▶ **Data**:
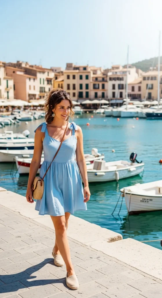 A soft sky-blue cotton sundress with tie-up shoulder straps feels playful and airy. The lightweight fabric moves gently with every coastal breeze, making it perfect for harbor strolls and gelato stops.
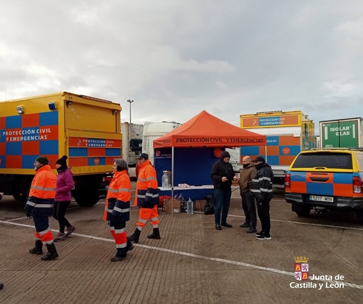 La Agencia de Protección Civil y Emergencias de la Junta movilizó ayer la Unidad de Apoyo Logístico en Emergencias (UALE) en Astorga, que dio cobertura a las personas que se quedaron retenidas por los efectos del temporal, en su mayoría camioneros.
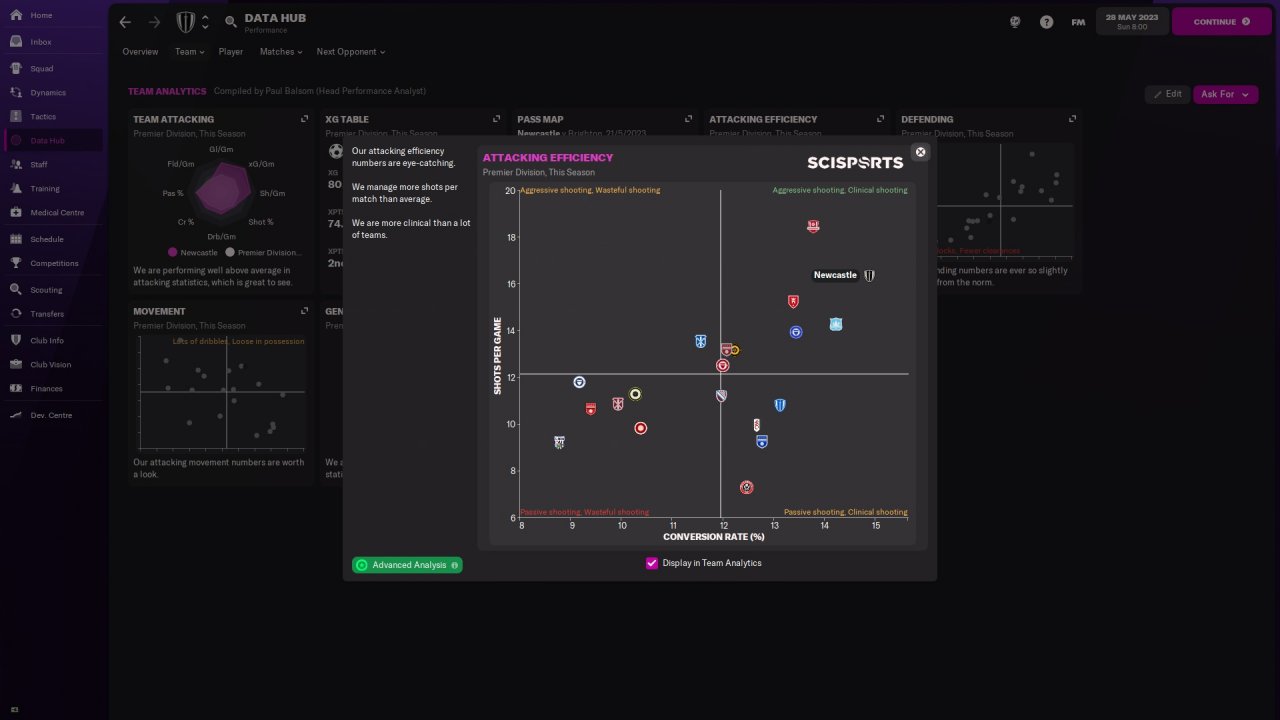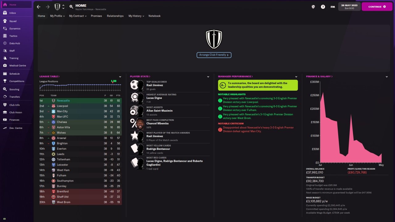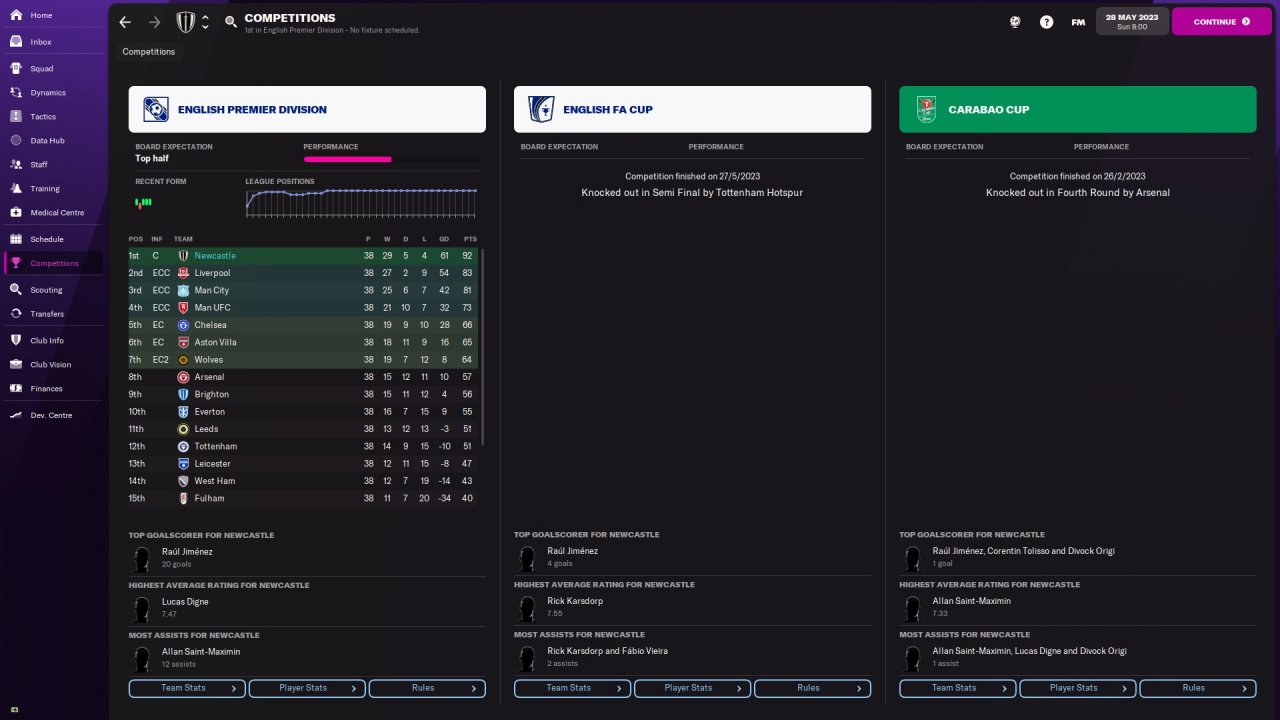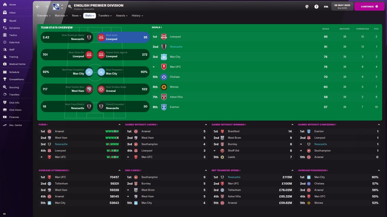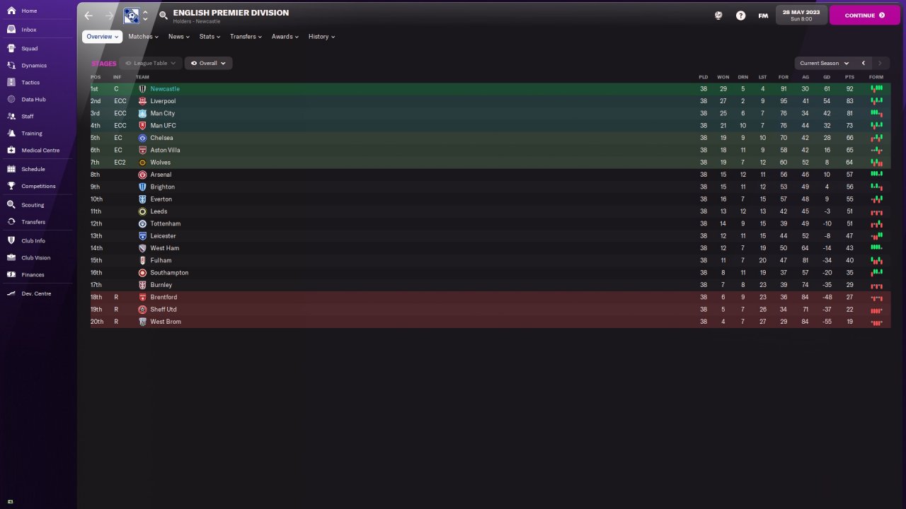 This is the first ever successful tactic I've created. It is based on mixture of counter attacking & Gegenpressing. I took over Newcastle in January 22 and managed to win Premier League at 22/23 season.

▶ **What the task asks**:
When you copy the listing, keep every line exactly as it is but leave out all images.

▶ **Solution for this task**:
 A soft sky-blue cotton sundress with tie-up shoulder straps feels playful and airy. The lightweight fabric moves gently with every coastal breeze, making it perfect for harbor strolls and gelato stops.
 La Agencia de Protección Civil y Emergencias de la Junta movilizó ayer la Unidad de Apoyo Logístico en Emergencias (UALE) en Astorga, que dio cobertura a las personas que se quedaron retenidas por los efectos del temporal, en su mayoría camioneros.
 This is the first ever successful tactic I've created. It is based on mixture of counter attacking & Gegenpressing. I took over Newcastle in January 22 and managed to win Premier League at 22/23 season.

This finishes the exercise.